Approaching Irrational Fear over Generative AI: A Fresh Report Advises Policy Makers Against Excessive Reaction
In a recent report, the Centre for Data Innovation has shed light on the current panic surrounding generative artificial intelligence (AI), comparing it to a pattern that has repeated throughout history as new technologies emerge. This pattern, known as the Tech Panic Cycle, is akin to market or moral panics, as well as technology hype cycles.
The Tech Panic Cycle consists of four stages: Discovery/Introduction, Hype and Exaggeration, Panic/Backlash, and Resolution/Normalization. In the Discovery/Introduction stage, a new technology emerges, generating excitement about its potential capabilities. For generative AI, this stage was marked by the debut of models like GPT, showcasing remarkable abilities in content creation, coding, and conversation.
The Hype and Exaggeration stage followed, with enthusiasm about AI transforming industries and society surging. However, concerns about misinformation, job loss, bias, and misuse began to be amplified. As we move into the Panic/Backlash stage, governments, media, and the public express fears about AI safety, ethical risks, and societal disruption, sparking calls for regulation and moratoriums.
Despite these concerns, efforts are underway to develop AI governance, ethical standards, and a better understanding of the technology. This suggests we may be moving toward more measured integration, marking the Resolution/Normalization stage.
The current generative AI panic is a prime example of the Panic/Backlash stage of the Tech Panic Cycle, characterised by widespread anxiety and increased scrutiny, which will likely be followed by a phase of adaptation and normalization as society learns to manage the technology responsibly.
The Tech Panic Cycle is influenced by four elements: elitism, legacy industries, anti-tech crusaders, and news media. To navigate this cycle effectively, policymakers are advised to recognise when a tech panic is happening and exercise caution when addressing hypothetical or exaggerated concerns about generative AI.
Moreover, the report urges policymakers to avoid overreacting to nascent fears when formulating policy to prevent undue harm to generative AI through misguided laws and regulations. The report emphasises that the current generative AI panic is part of a long series of tech panics, including many in the creative sector.
To illustrate this point, the report presents three historical case studies of tech panics: the printing press, phonograph, and photography innovations. The report outlines a historical pattern of technology panics, tracing it from the advent of the printing press to the present day.
The report advises against rushing to regulate AI before others do, as this could lead to missed opportunities for society. As the public embraces the new tool, and it becomes clear that many fears will never materialize, we enter the Deflating Fears stage.
In conclusion, the current panic over generative AI can be better understood through the lens of the Tech Panic Cycle.

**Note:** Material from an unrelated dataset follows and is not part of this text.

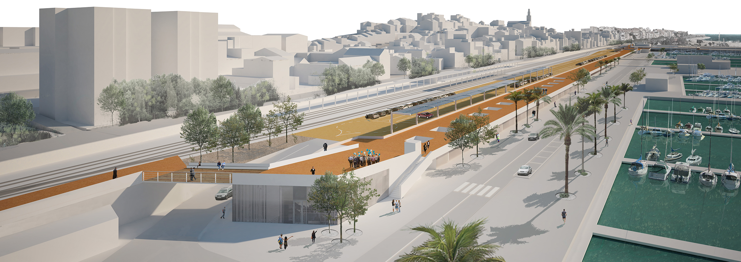 At present, the Promenade is interrupted at the height of the Marina. This Promenade divides into one path next to the railroad track fence and a second path at the end of the car park. In order to establish a clear continuity of the Promenade of El Masnou, a platform space is organized on the premises of the Marina, establishing a wide transit area as a continuation of the Promenade, with views over the Marina and moving the car park area to the train fence.

Recognising this cycle and its stages can help policymakers navigate the current situation and make informed decisions about the future of AI.

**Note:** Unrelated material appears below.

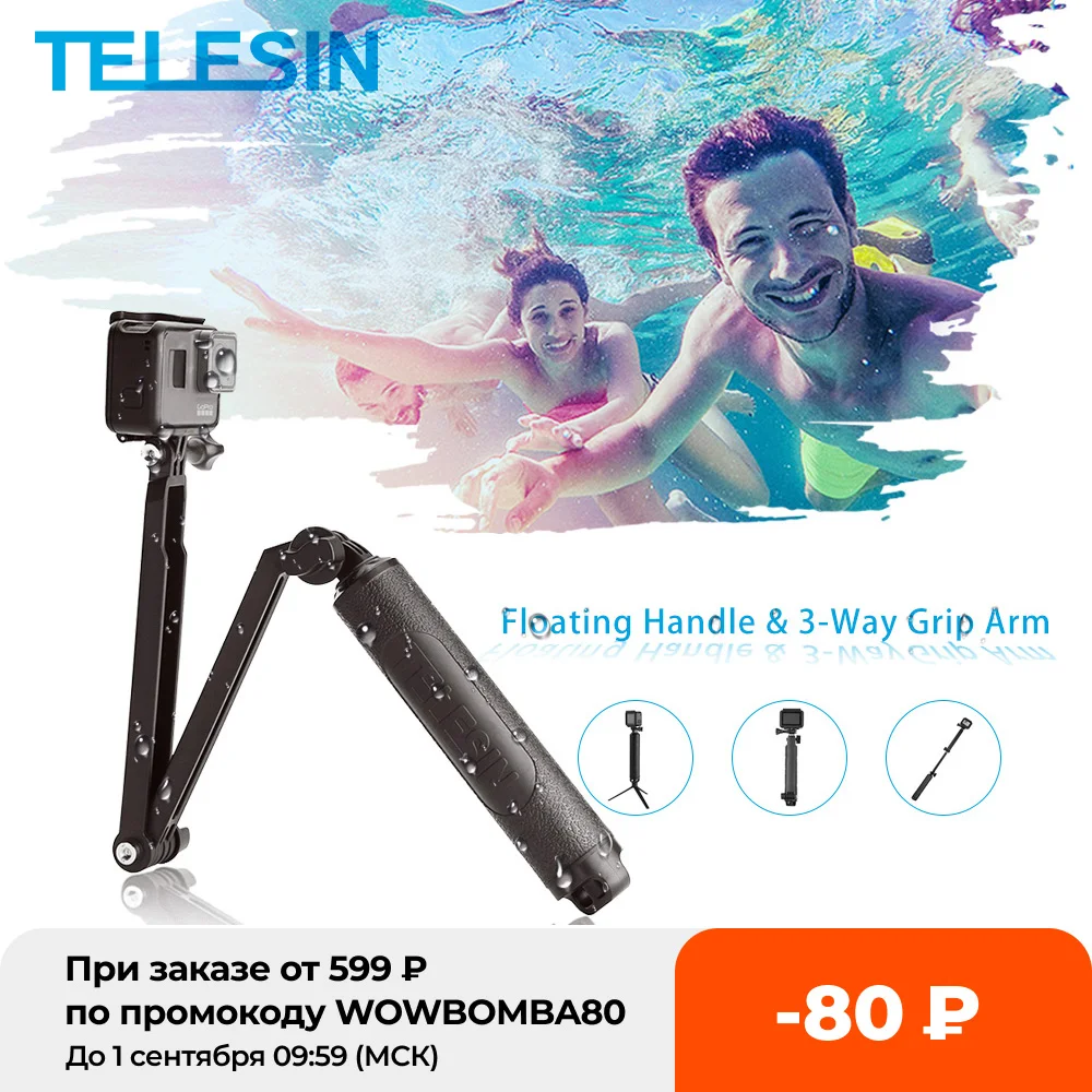 TELESIN Waterproof Selfie Stick Floating Hand Grip + 3-Way Grip Arm Monopod Pole Tripod for GoPro 9 8 7 6 5 Insta360 Osmo Action

- The Centre for Data Innovation's report on generative artificial intelligence (AI) highlights a pattern called the Tech Panic Cycle, likening it to market or moral panics, technology hype cycles, and the Discovery/Introduction stage of the cycle has already been reached with the emergence of AI models like GPT.
- As we progress through the Hype and Exaggeration stage of the Tech Panic Cycle, enthusiasm for AI renovating industries and society escalates, yet apprehensions about misinformation, job loss, bias, and misuse increase correspondingly.
- The ensuing Panic/Backlash stage elicits concerns about AI safety, ethical risks, and societal disruption, leading to calls for regulation and moratoriums in policy-and-legislation.
- To avoid overreacting, the report counsels policymakers to be mindful when addressing potential concerns regarding generative AI, and to take care in resolving misguided laws and regulations stemming from the Tech Panic Cycle.
- To grasp the persisting nature of tech panics, the report offers three historical examples: the printing press, the phonograph, and photography, demonstrating that these panics have repeating patterns throughout general-news, lasting from their inceptions to the present day.